Victor Ginsburgh
Bruxelles : Quelque 6.000 firmes, cabinets d’avocats et autres et
30.000 lobbyistes qui exercent une pression considérable pour que les
réglementations de la Commission et du Parlement Européen (1) leur soient
favorables.
Leur rôle est rendu un peu plus difficile qu’aux Etats-Unis parce que le
système européen ne permet pas aux entreprises de faire des « dons »
généreux aux élus et de « soutenir » leurs campagnes électorales, ce
qui exclut (en tout cas officiellement) une certaine forme de corruption
permise Outre-Atlantique. Mais ceci est largement compensé par la non-existence
en Europe de certaines règles éthiques minimales, en permettant à des fonctionnaires
d’utiliser leurs connexions dans les administrations publiques le lendemain du
jour où ils les quittent.
Ceci semble être le cas d’un certain Jean De Ruyt, ancien diplomate belge,
qui a gravi les plus hauts échelons dans le saint des saints de l’Union
Européenne. Ce personnage est maintenant conseiller dans le cabinet d’avocats
américains Convington & Burling spécialisé dans le lobbying. M. van Velzen,
ex membre du Parlement Européen (1994-2004) et ex Président du groupe politique
le plus important (les chrétiens démocrates) de ce même Parlement de 1999 à
2004 est un collègue de M. De Ruyt. Le premier sert de relais entre Covington
et le Parlement Européen, le second se concentre sur les membres du Conseil Européen
qu’il connaît très bien. On peut y inclure Hugo Paemen, un baronisé belge,
ancien ambassadeur de l’U. E. aux
Etats-Unis. Et bien d’autres gros et moins gros poissons…
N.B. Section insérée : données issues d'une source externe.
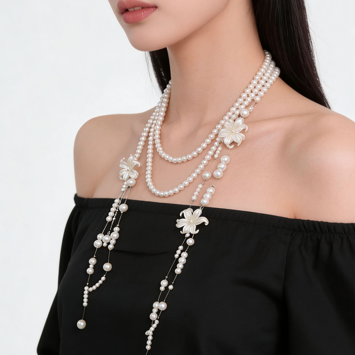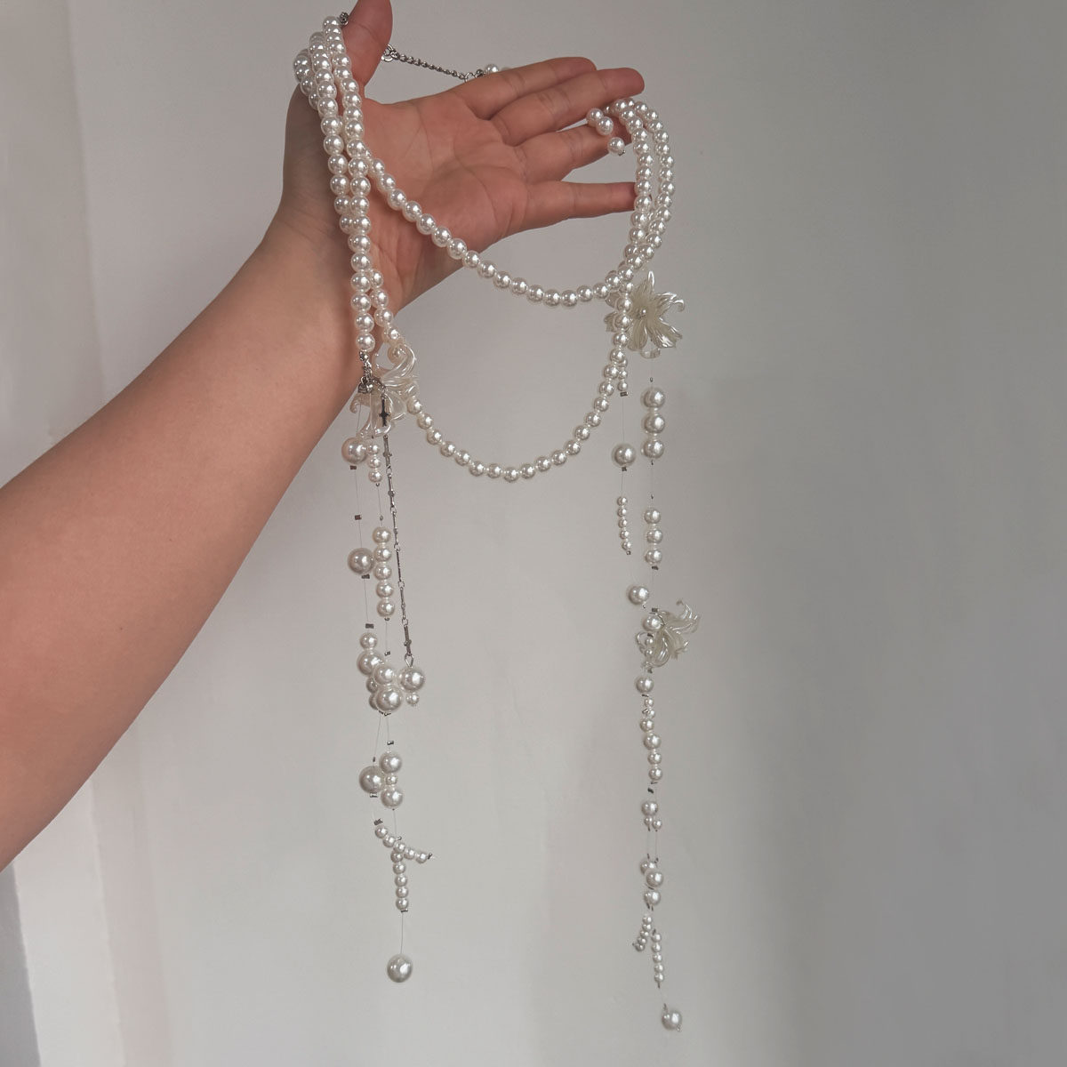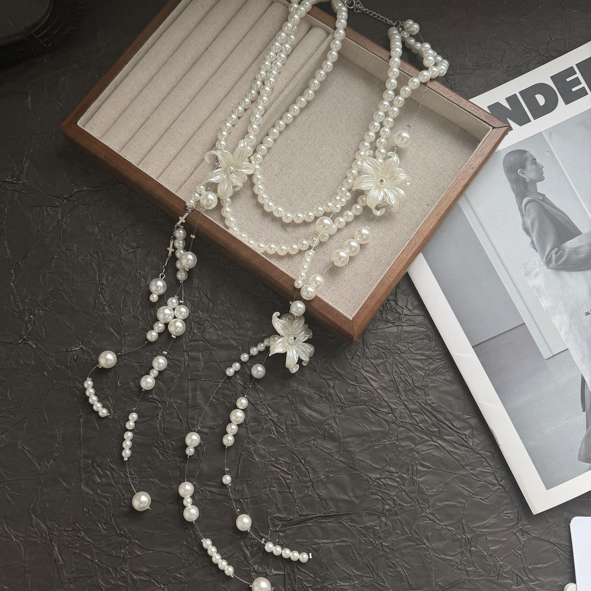 法式浪漫白色贝壳花朵珍珠流苏项链女小众多层串珠气质锁骨链颈链

Ajoutons que ces cabinets d’avocats s’arrangent pour garder secret le nom
des firmes pour lesquelles ils agissent, ce qui ne leur est pas permis aux Etats-Unis
et rend plus difficile encore de comprendre le processus.
Pour le moment, le cabinet Covington s’agite pour que soient adoptées les
vues des grands groupes pétroliers dans le règlement européen sur la
fracturation hydraulique (fracking), cette technique « merveilleuse »
qui permet d’extraire du gaz naturel dans les couches de schiste. Covington aurait
aussi réussi à affaiblir un règlement européen permettant aux fonds de pension
d’investir une partie de leurs avoirs dans des actions émises par des firmes
privées.
Parmi les autres faits d’armes, le cabinet Hogan Lovells a obtenu qu’une
firme américaine de semi-conducteurs obtienne une exemption aux lois
environnementales européennes, ce qui leur a permis de continuer à utiliser une
substance potentiellement dangereuse dans leurs composants d’ordinateurs. Le
groupe Philips admet que la combinaison avocats plus « conseillers »
de Hogan Lovells est exactement ce dont il a besoin. « Bien sûr »,
avoue Philips, « il nous faut des avocats, mais il nous faut surtout des
personnalités importantes qui puissent peser sur les décisions de
régulation ».
Et à M. De Ruyt de surenchérir en expliquant que « c’est très excitant
d’obtenir ce que l’on veut en utilisant le système. Et je sais exactement
comment le faire ».
(1) La plupart des
renseignements contenus dans ce blog sont basés sur l’article d’Eric Lipton et
Danny Hakim, Lobbying bonanza as firms try to influence European Union, The New York Times, October 18, 2013 http://www.nytimes.com/2013/10/19/world/europe/lobbying-bonanza-as-firms-try-to-influence-european-union.html?_r=0
Mr. Victor, usted está poniendo el dedo en la llaga más sensible de nuestro sistema político. Siga hurgando, por favor, para que la opinión pública se entere de cómo se cruzan los cables en la toma de grandes decisiones. Cordial saludo. Bernardo García.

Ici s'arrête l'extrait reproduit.